As I read more of this sort of thing, I went through several phases. At first it I just found it confusing. Then later I started to get good at reading the words with f's instead of s's and it became funny. ("Fhew! Folid! Hee hee!") Then it stopped being funny, although I still noticed it and found it quaint and charming. Also a constant reminder of how learned and scholarly I am, to be reading this old stuff. (Yes, I really do think this way. Pathetic, isn't it? And you are an enabler of this pathetic behavior.) Then eventually I didn't notice it any more, except in a few startling cases, such as when Dr. Hooke wrote on the tendency of ice to incorporate air bubbles while freezing, and said "...at the ſame time it may not be ſaid to ſuck it in".

What hasn't happened, however: it hasn't become completely transparent. The long s really does look a lot like an f, so much so that I can find it confusing when the context doesn't help me out. The fact that these books are always facsimiles and that the originals were printed on coarse paper and the ink has smudged, does not make it any easier to tell when one is looking at an s and when at an f. So far, the most difficult instance I have encountered involved a reference to "the Learned Dr. Voſſius". Or was it Voffius? Or Vofſius? Or was it Voſfius? Well, I found out later it was indeed Vossius; this is Dr. Gerhard Johann Voss (1577-1649), Latinized to "Vossius". But I was only able to be sure because I encountered the name somewhere else with the short s's.

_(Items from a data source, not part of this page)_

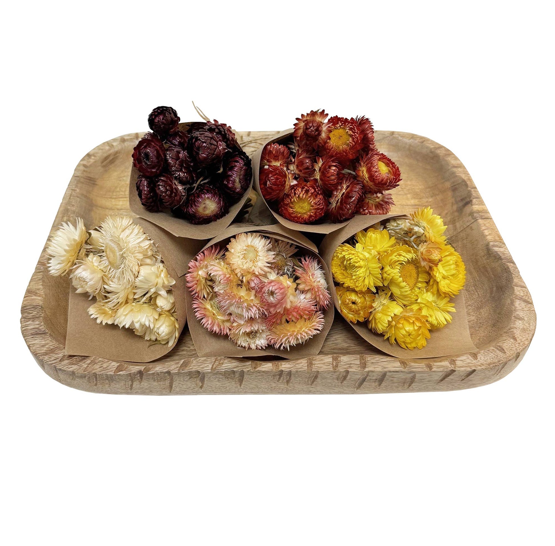 Our Mini Pink Strawflower Bundle is an adorable accent or gift for any occasion. Each mini bouquet is wrapped in a Kraft paper wrap and tied with a jute rope. This petite bundle is a perfect and lovely accent to your tablescape, decorative shelf, or mantle.
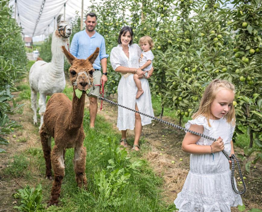 Am Waldharthof in Raas schlendern Lamas und Alpakas beim Spaziergang durch die Apfelwiesen mit. Manchmal braucht’s unterwegs einen kleinen Snack.
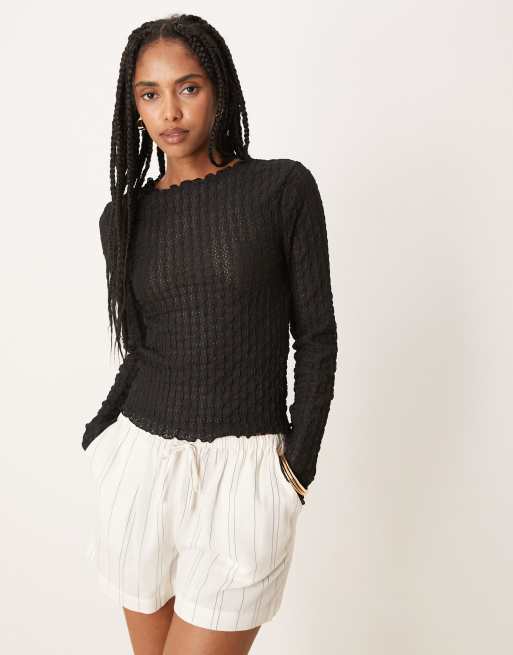 Camiseta negra de manga larga con bordes ondulados de punto texturizado de AWARE

This typographic detail raises a question of scholarly ethics that I don't know how to answer. In an earlier article, I needed to show how 17th-century writers referred to dates early in the year, which in common nomenclature occurred during one year, but which legally were part of the preceding year. Simply quoting one of these writers wasn't enough, because the date was disambiguated typographically, with the digit for the legal year directly above the digit for the conventional year. So I programmed TeX to demonstrate the typography:

 To this I W.D. shall add another Remark I find in the minutes of the {\it Royal Society\/}, {\it February\/} 20. $167^8_9$, {\it viz.\/}$\ldots$

But this raised another problem: to what degree should I reproduce the original typography? There is a scale here of which substitutions are more or less permissible:

  1. Most permissible is to replace the original 17th-century font with a modern one.

  2. Slightly less permissible would be to reduce the heavy 17th-century usage of italic face, in Royal Society for example, replacing it with roman typefaces.

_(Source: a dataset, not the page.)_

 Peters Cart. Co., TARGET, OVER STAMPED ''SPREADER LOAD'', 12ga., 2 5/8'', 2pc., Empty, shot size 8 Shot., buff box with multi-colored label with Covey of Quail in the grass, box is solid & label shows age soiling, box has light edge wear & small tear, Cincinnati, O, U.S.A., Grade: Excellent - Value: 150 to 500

  3. Slightly less permissible still would be to replace the 17th-century capitalization conventions with 20th-century conventions. For example, in C20 we would not capitalize "Remark".

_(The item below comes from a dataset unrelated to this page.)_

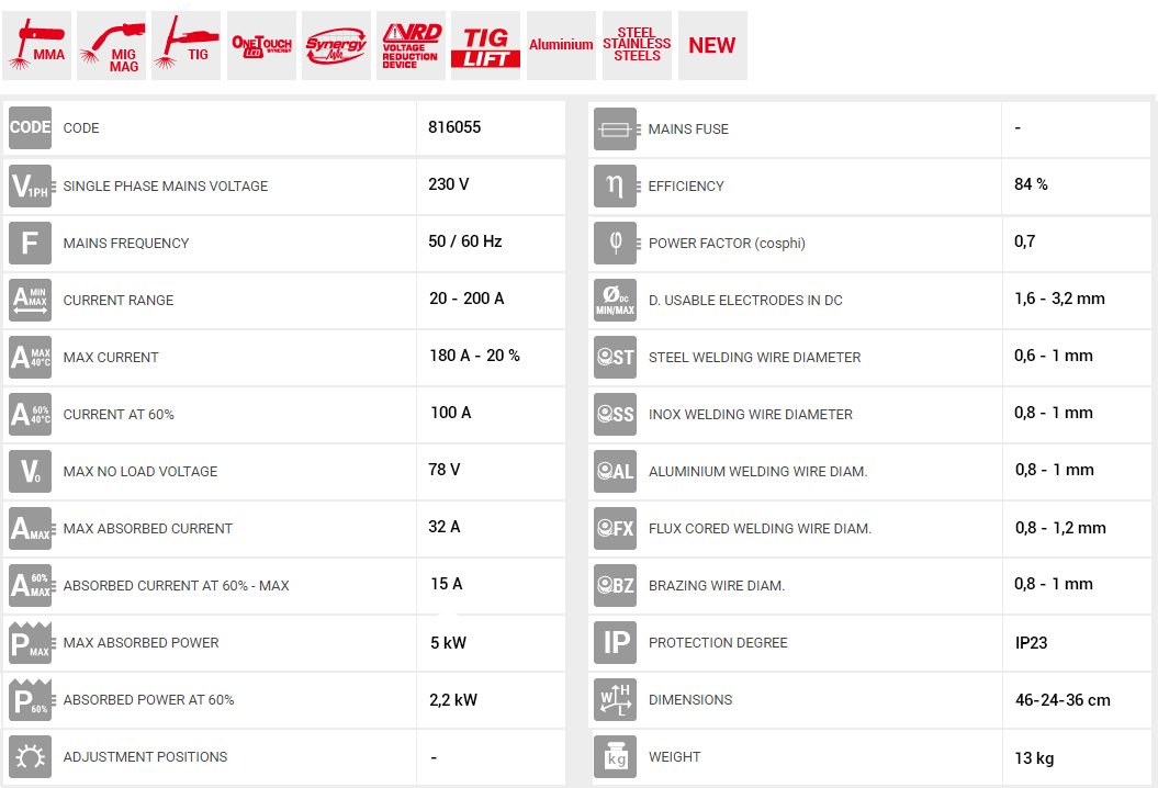 • Πλήρης με τσιμπίδα MIG-MAG και γείωση.

  4. Then can I replace obsolete 17th-century contractions such as "consider'd" with 20th-century equivalents such as "considered"? If that is acceptable, then what about "'tis"? Can I replace "3dly" with "thirdly"?

  5. Can I replace obsolete Baroque spellings such as "plaister", "fatt", and "it self" with "plaster", "fat", and "itself"?

  6. Can I replace obsolete Baroquisms such as "strow'd" in "strow'd on Ice" with "strewn", or "stopple" with "stopper"?

  7. At the bottom of the list, I could just rewrite the whole thing in a modern style and pass it off as what Derham actually wrote.
It seems to me that replacing the long medial s's with short ones is toward the top of this scale. By doing this, I am not changing the spelling, because a long medial s is still an s; I am just replacing one s with another, and this is akin to changing the font. And anyway, my choice was forced, because stock TeX does not have any way to make a long medial s.